Any way you can re-upload your Excel spreadsheet t...

2017-04-10T16:20:09.968+02:00

Any way you can re-upload your Excel spreadsheet to calculate this? Thanks in advance!

A late reply, but anyway: The interpretation of th...

2016-03-14T14:43:17.582+01:00

A late reply, but anyway: The interpretation of the CI is wrong because the % probability is not about your CI, but about how many future CIs contain the true effect size. After all, it is frequentism we talk about. (by Ingo Rohlfing; the website does not allow me to use my profile.)

Am I missing something or is the case for capture ...

2014-12-29T00:29:22.452+01:00

Am I missing something or is the case for capture percentages actually quite weak?

1) 95% of future CI will contain the true effect size (so, my CI has 95% chance of including *true* effect size)

2) 83% of future effect sizes will be in my CI (so, my CI has 83% chance of including any individual future effect size)

Surely, we are interested in the true effect size, not any individual effect size. We are in the game of investigating human psychology, not predict each other's stats results.

I don't like the ad-hoc, black-box approaches ...

2014-12-05T13:17:31.187+01:00

I don't like the ad-hoc, black-box approaches to handling of outliers/extreme values like windsorizing, outlier exclusion or t dist with wide tails. If you are really interested in the extreme boundary I would model outliers explicitly with some mixture model. The simplest way to do so would be a bimodal distribution. Of course that means you have to make assumptions about how outliers behave, which is often difficult.

The best way, really, is to treat the value at say 99.9% boundary as the target dependent variable. Something like - extend model M1: y~bx where you report the 99.9%CI of b into M2: y~bx; u~getCI(b,99.9) and report the mean and CI of u. Then you would design an experiment that allows you to estimate u precisely (most probably at the expense of b). In a simple study this may just mean that you target mostly well-skilled and miserably skilled population or that you use very easy and very difficult items.
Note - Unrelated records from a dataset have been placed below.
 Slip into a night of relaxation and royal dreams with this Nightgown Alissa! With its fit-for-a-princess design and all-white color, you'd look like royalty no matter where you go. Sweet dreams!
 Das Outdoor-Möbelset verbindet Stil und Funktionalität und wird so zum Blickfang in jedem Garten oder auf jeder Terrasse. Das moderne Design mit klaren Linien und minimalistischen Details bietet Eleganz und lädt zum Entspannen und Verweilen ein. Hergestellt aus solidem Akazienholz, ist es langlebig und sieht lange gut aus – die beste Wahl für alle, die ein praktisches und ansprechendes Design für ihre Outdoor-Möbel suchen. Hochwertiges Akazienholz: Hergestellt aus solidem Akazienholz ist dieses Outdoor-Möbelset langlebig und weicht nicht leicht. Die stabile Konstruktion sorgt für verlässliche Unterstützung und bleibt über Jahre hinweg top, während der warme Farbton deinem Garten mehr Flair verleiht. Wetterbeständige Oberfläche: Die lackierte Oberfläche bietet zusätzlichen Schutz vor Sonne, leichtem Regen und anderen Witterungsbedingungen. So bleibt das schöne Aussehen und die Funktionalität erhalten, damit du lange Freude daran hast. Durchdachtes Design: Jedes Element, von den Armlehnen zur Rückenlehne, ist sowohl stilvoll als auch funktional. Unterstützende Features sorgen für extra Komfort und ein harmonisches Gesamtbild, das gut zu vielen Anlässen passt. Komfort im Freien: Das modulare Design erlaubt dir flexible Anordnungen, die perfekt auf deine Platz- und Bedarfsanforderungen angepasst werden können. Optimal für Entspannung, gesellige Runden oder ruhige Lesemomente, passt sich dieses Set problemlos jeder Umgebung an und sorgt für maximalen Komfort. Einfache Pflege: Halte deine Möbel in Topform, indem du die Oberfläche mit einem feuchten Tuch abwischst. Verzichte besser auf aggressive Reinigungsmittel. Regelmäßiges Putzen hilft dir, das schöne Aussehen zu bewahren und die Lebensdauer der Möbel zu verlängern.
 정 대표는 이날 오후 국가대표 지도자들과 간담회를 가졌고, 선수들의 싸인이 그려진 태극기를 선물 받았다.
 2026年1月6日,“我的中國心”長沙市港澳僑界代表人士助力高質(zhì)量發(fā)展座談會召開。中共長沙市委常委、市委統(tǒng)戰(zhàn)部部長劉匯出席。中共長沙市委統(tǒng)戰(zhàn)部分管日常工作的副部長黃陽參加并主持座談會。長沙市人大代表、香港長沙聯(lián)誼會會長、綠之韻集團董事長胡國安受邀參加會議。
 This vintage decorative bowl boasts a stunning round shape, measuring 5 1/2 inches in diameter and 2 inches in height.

It may look to you like this creates an infinite regress, but it really is about what your target variable is, which should be determined by your research question. A meta CI (say 99.9% CI of a 99.9 percentile of some variable) is of little theoretical importance. As I said I can barely imagine any use-case for 99.9% CI.

Hi Matus, thanks for your reply - very good points...

2014-12-04T19:48:11.146+01:00

Hi Matus, thanks for your reply - very good points. Could this be resolved by using robust statistics? Have to learn more about this, but some windsorized variances might improve things perhaps?

I report the mean + 95% interval and use the cater...

2014-12-04T16:44:30.977+01:00

I report the mean + 95% interval and use the caterpillar (eh, is that what it is called?) plot with 50% and 95% interval.
I think reporting larger interval than 95% is bad idea. Actually I sometimes feel bad about 95%. Let me put aside the obvious problem, that for informed interpretation you would never, ever be interested in something like 99.9% interval. I just wish to point out that the extreme CIs are simply beyond the resolution of your data and stat method. Your stat tools come with certain precision. E.g. if you use bootstrap or mcmc to construct the estimated interval you will need to get more samples. With 1000 samples your 99.9% interval will depend on the position of the 2 most extreme points. Such boundary estimate will not be very robust and vary considarably across replications of your analysis. The problem arises because we usually use distributions with small amount of probability mass at its tails. That is thediscrepancy in the estimated var at the tail (eg between 99.9 and 99.8) will be greater compared to more central regions. Similar, the noise will have bigger impact at tails.
There is another reason for this problem, namely that there will be discrepancy between the model our analysis assumes and how nature really works. This discrepancy will be larger in parts of population where we have little data to check the model's assumption. In worst case, the estimation of an extreme interval boundary such as 99.9 will just reflect the assumptions behind the model. Or the estimate will reflect arbitrary outliers, which should be properly handled by a different models - as is the case in various outlier detection algorithms.

I think pleasing readers who like to see p-values ...

2014-12-02T22:29:16.326+01:00

I think pleasing readers who like to see p-values is (for now) a pretty good reason to also report p-values. Give people time to get used to seeing both, then maybe someday we won't need p-values.
Another common mistake I see in interpreting CIs is people forgetting that values at edges of CI are less likely than values in the middle. I like the caterpillar plot suggestion for that reason.

Interesting post, I did not know of coverage perce...

2014-12-02T20:51:00.870+01:00

Interesting post, I did not know of coverage percentages before. I am not sure how much it helps to report p-values with CIs because most people might focus more (or only) on the p-value. Besides, I do not see the added value of a p-value when you also present the CI, except of pleasing readers who want like to see p-values. If one were to present information on both, one could easily do this in one plot. The plot would contain the CI and one could use the usual *, **, *** as marker labels right next to each CI.

That's indeed an excellent suggestion for plot...

2014-12-02T15:54:24.087+01:00

That's indeed an excellent suggestion for plots, and might even be a good suggestion for tables! I think it will indeed work in moving the attention of readers to estimation instead of statistical differences from 0.

If you really want to use confidence intervals ins...

2014-12-02T15:37:39.629+01:00

If you really want to use confidence intervals instead of probability/credible intervals there is nothing stopping you from reporting many different coverages at the same time, and this is especially easy if you use a plot. This is sometimes called a caterpillar plot (an example: http://xavier-fim.net/packages/ggmcmc/figure/xcaterpillar.png.pagespeed.ic.bTv6onD83d.png). Reporting many different coverages at the same time (say, 50%, 90% 99.9%) would , I believe, put more focus on the actual estimate and less focus on whether an interval crosses zero or not.